Final answer:
The margin of error at the 99% confidence level for the poll where 75% of 440 people said they liked dogs is approximately 0.053 or 5.3%, which can be calculated using the margin of error formula incorporating the z-score, sample proportion, and sample size.
Step-by-step explanation:
To calculate the margin of error for a poll at a 99% confidence level when 75% of 440 people said they liked dogs, we use the formula for margin of error:
M.E. = Z * sqrt[(p*(1-p))/n]
Where 'Z' is the z-score corresponding to the confidence level, 'p' is the sample proportion, and 'n' is the sample size.
- p = 0.75, since 75% said they liked dogs.
- n = 440, the number of people polled.
- Z for 99% confidence is approximately 2.576 (from z-score tables).
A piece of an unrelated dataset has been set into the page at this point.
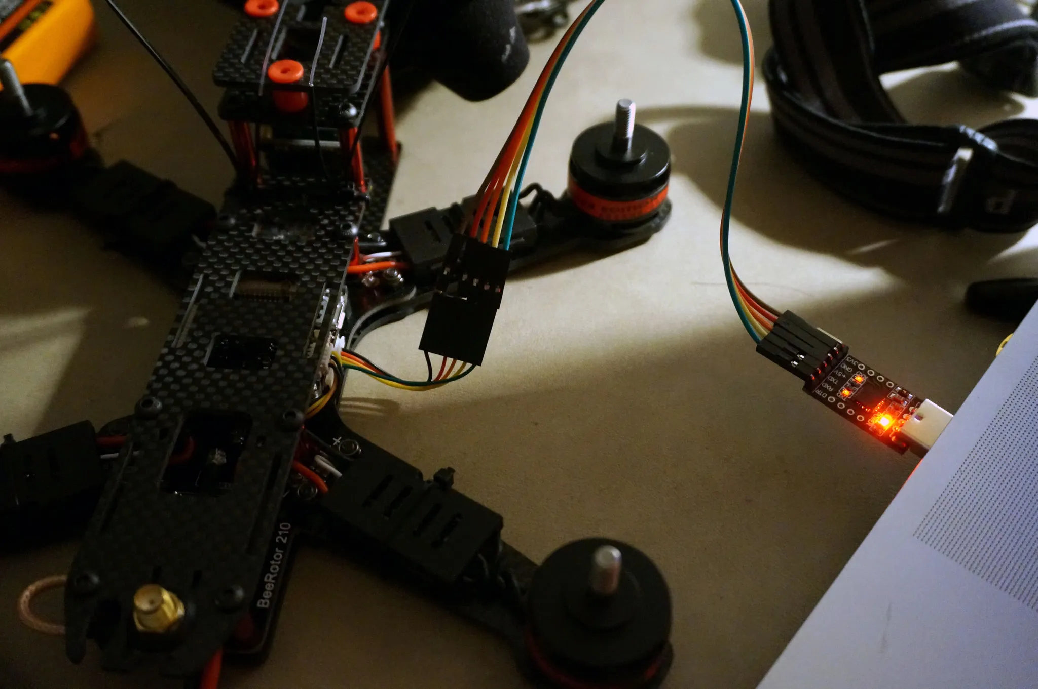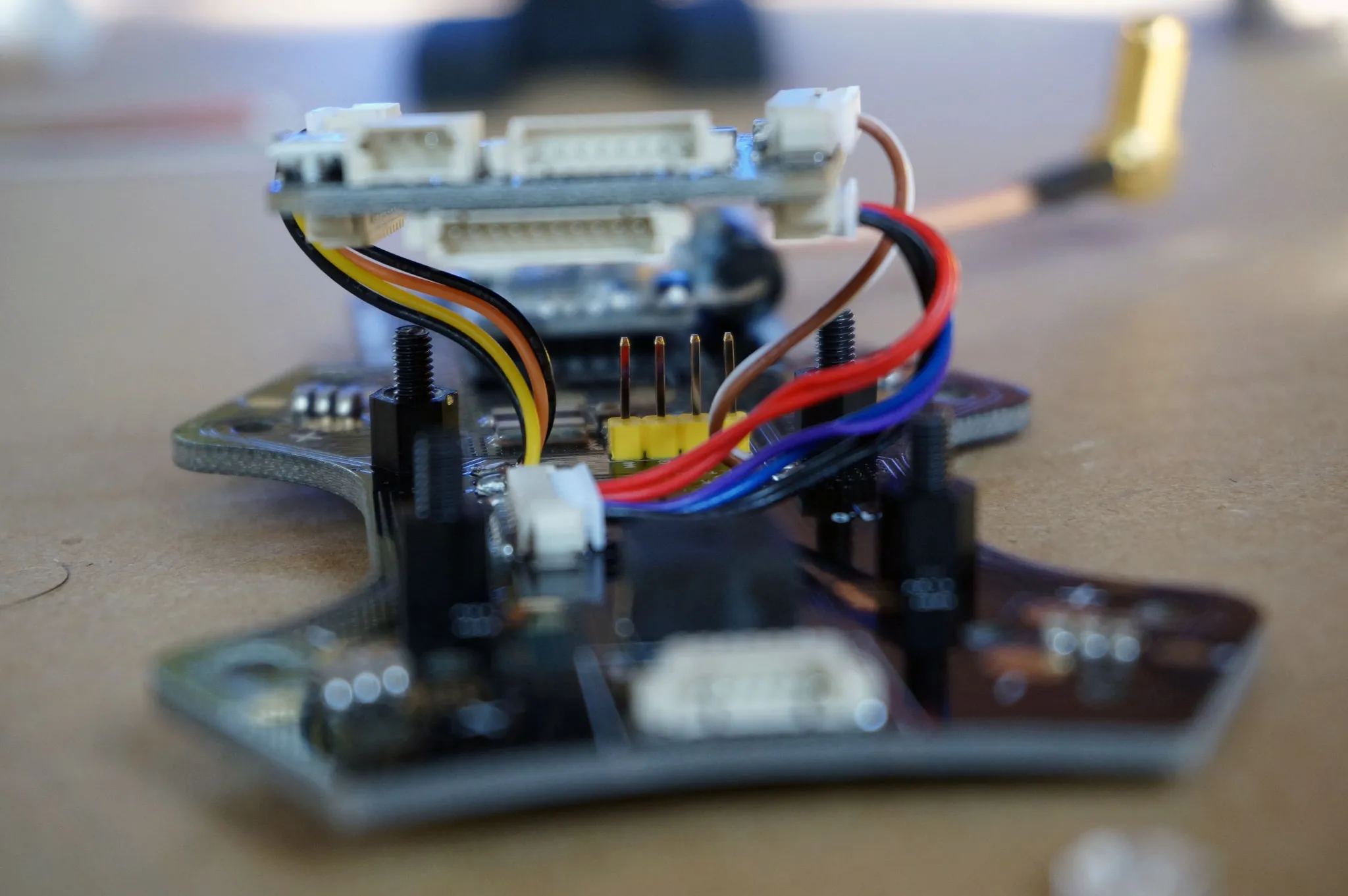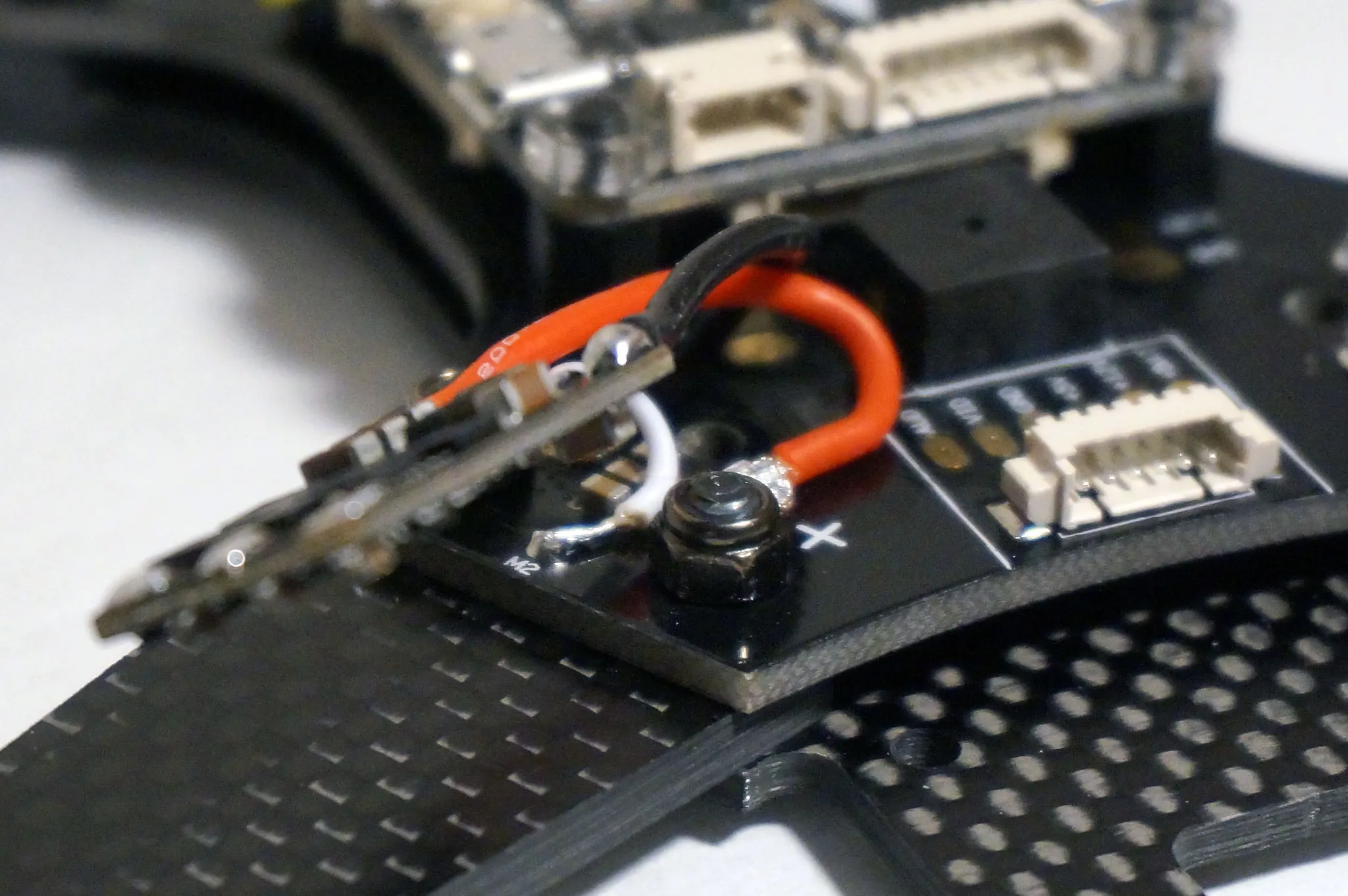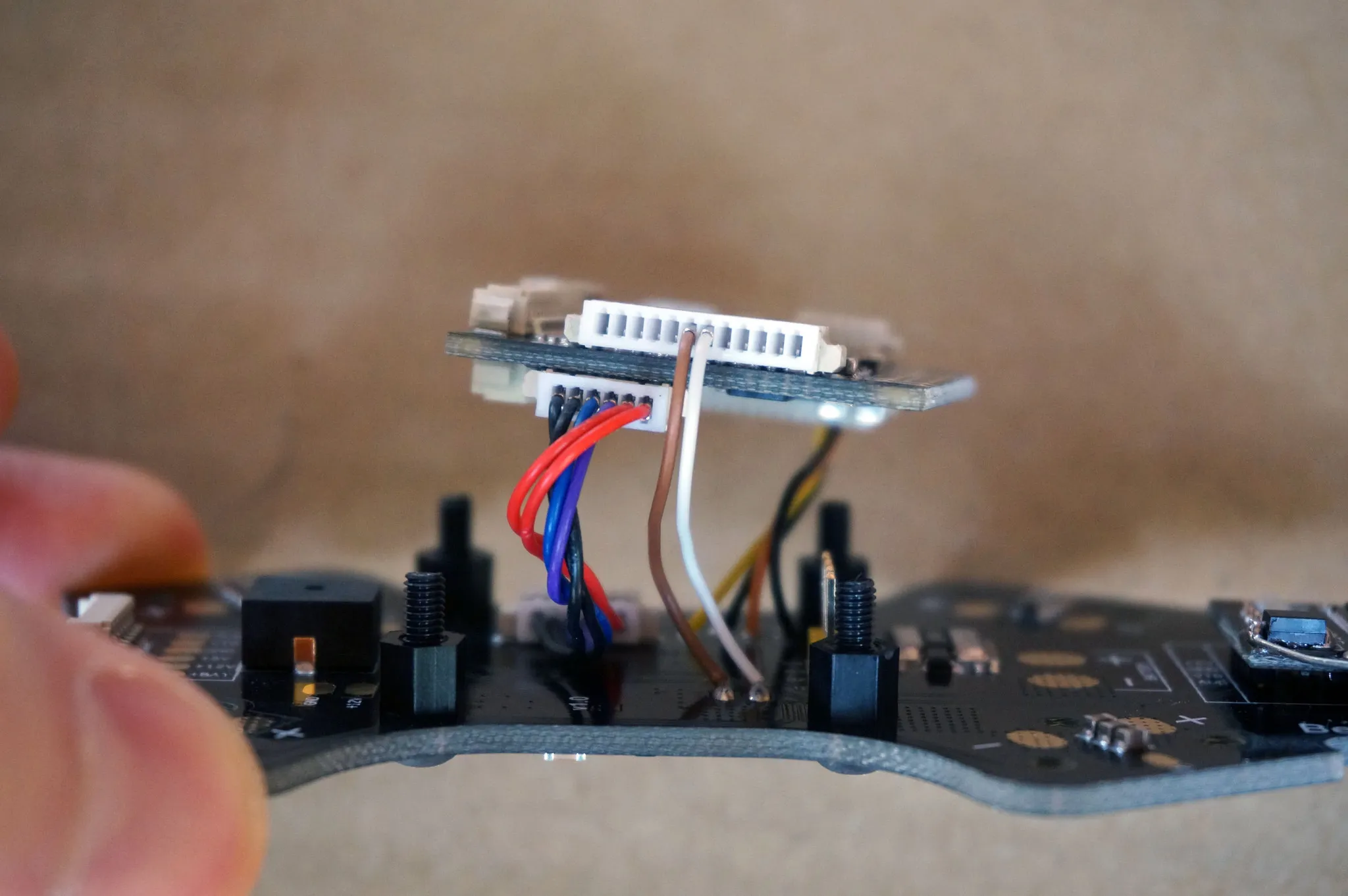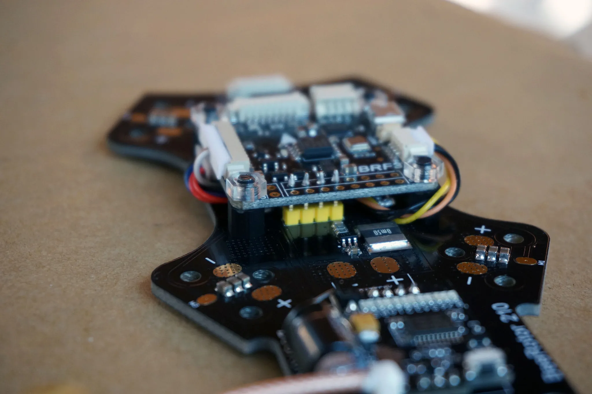 Unfortunately, this requires soldering the flight controller to the PCB, which makes it a little harder, but not impossible to remove later. I think it would be nicer if instead, we soldered headers on the flight controller and used wires that were soldered to the PDB and terminated in 2.54mm female jumpers, much like how the video, beeper, led and power pins are set up.

Plugging the values in, the margin of error calculation is:
M.E. = 2.576 * sqrt[(0.75*(1-0.75))/440]
M.E. = 2.576 * sqrt[(0.1875)/440]
M.E. = 2.576 * sqrt[0.000426136]
M.E. = 2.576 * 0.0206422
M.E. = 0.0531667
So, the margin of error at the 99% confidence level is approximately 0.053 or 5.3%.
M.E. is a measurement of the potential discrepancy between the poll results and the actual opinion of the total population. A lower margin of error is preferable, as it indicates higher precision.